*Supplied data*:
○ ○ ○ ○

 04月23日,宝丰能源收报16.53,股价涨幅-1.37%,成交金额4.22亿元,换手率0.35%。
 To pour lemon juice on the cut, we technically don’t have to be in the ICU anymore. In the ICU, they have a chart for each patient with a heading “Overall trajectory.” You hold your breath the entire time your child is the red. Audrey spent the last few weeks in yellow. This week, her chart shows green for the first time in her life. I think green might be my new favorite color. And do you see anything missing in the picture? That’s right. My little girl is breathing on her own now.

○ ○ ○ ○

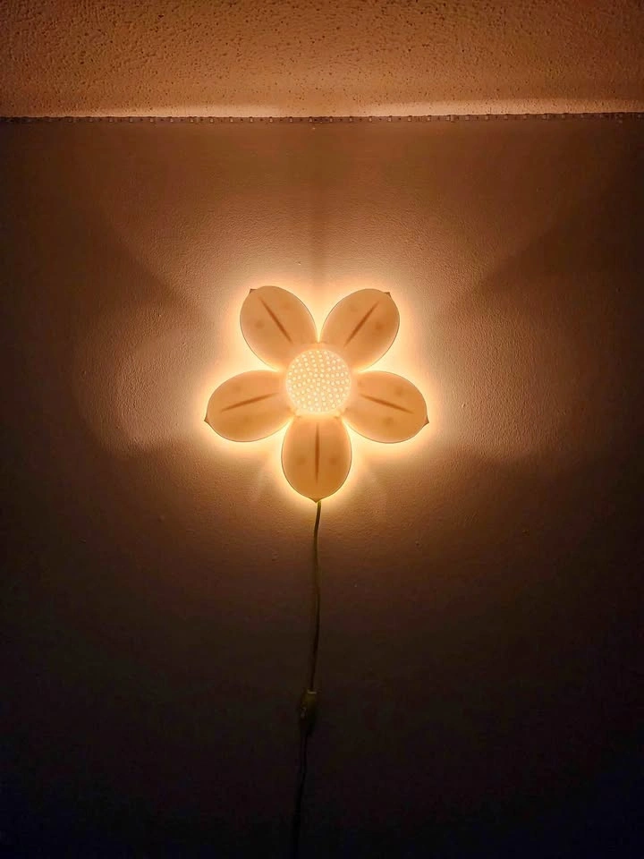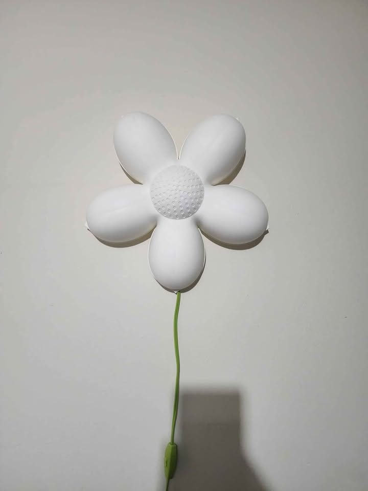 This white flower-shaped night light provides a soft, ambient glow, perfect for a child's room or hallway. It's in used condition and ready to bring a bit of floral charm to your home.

○ ○ ○ ○

Give again, word for word, every line of the listing above from the one with "04月23日,宝丰能源收报1" to the one with "To pour lemon", both inclusive, and nothing beyond them.

*Your response*:
 04月23日,宝丰能源收报16.53,股价涨幅-1.37%,成交金额4.22亿元,换手率0.35%。
 To pour lemon juice on the cut, we technically don’t have to be in the ICU anymore. In the ICU, they have a chart for each patient with a heading “Overall trajectory.” You hold your breath the entire time your child is the red. Audrey spent the last few weeks in yellow. This week, her chart shows green for the first time in her life. I think green might be my new favorite color. And do you see anything missing in the picture? That’s right. My little girl is breathing on her own now.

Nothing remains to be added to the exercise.